④ At the time of the Plaintiff’s gathering in 2009, the Plaintiff began to set rice farmers into the farmland of this case with the help of nearby residents and her neighbors. Specifically, DDR and her EE, who are neighboring residents, were working for the Plaintiff at the cost. DD had the same work as not only the farmland of this case but also the farmland of this case owned by the Plaintiff, CCC (OOOO-dong OO-dong OO-dong 2,149 square meters) (OOO-dong 2,149 square meters). In addition, in light of the Plaintiff’s testimony and 5-GF witness testimony, FF 2,000, which is the Plaintiff’s owner of the farmland of this case and its neighboring farmland, and 5-GF 5-G witness testimony and 5-GF 2,000,000,000 of the Plaintiff’s testimony and 5-GF 2,000,000 prior to the start of the Plaintiff’s work.
In full view of the foregoing circumstances, from May 2008 to August 3, 201, the Plaintiff was engaged in cultivating crops in the instant farmland from May 3, 201 or at least 1/2 of farming work.
not be deemed to have cultivated with its own labor force.

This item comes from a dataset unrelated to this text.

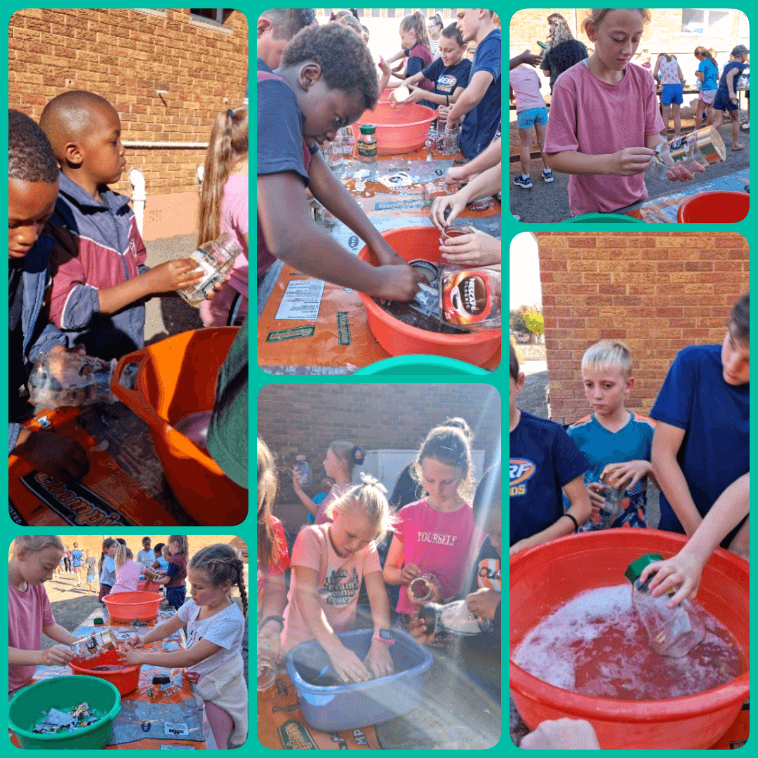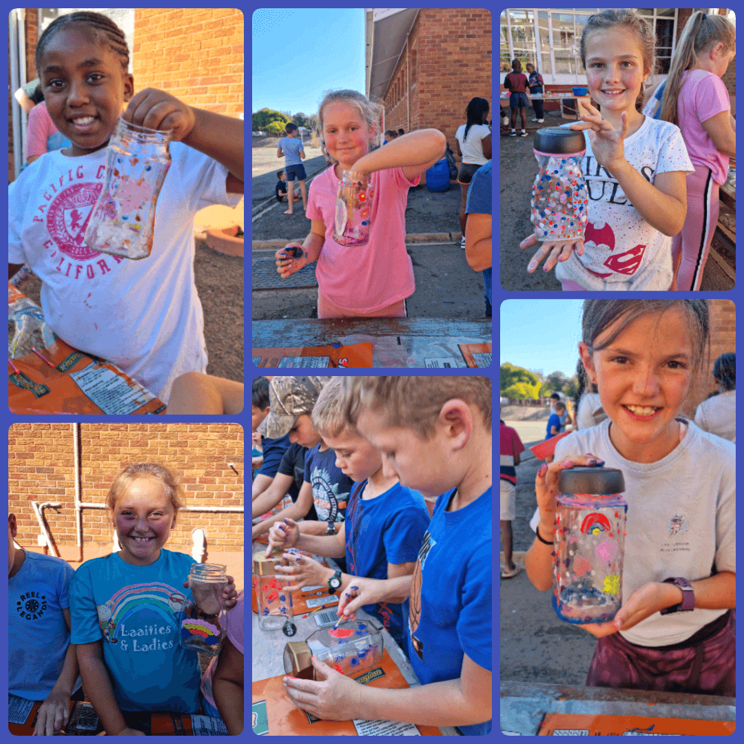 At the Aliwal-North Primary School’s monthly Land Service meeting, on the 17th April 2023 the Grade 4 and 5 Land Service members cleaned and decorated the coffee bottles that will be used for the Jars of Hope project. Ons het die bottels versier deur mooi patrone daarop te verf. Hierdie is ‘n kwartaalprojek wat die Ons-Gee-Om Landsdiensklub huidiglik mee besig is. Die hele skool word betrek en word aangemoedig om sopbestanddele en leë koffie flesse te skenk.

Therefore, the disposition of this case imposing capital gains tax by excluding the application of the provision on special deduction for long-term holding under Article 95 (2) of the former Income Tax Act and the provision on reduction or exemption of capital gains tax on farmland substitute land under Article 70 (1) of the former Restriction of Special Taxation Act is justifiable. Thus, the plaintiff's assertion against this cannot be accepted.
4. Conclusion
Thus, the plaintiff's claim is dismissed as it is without merit.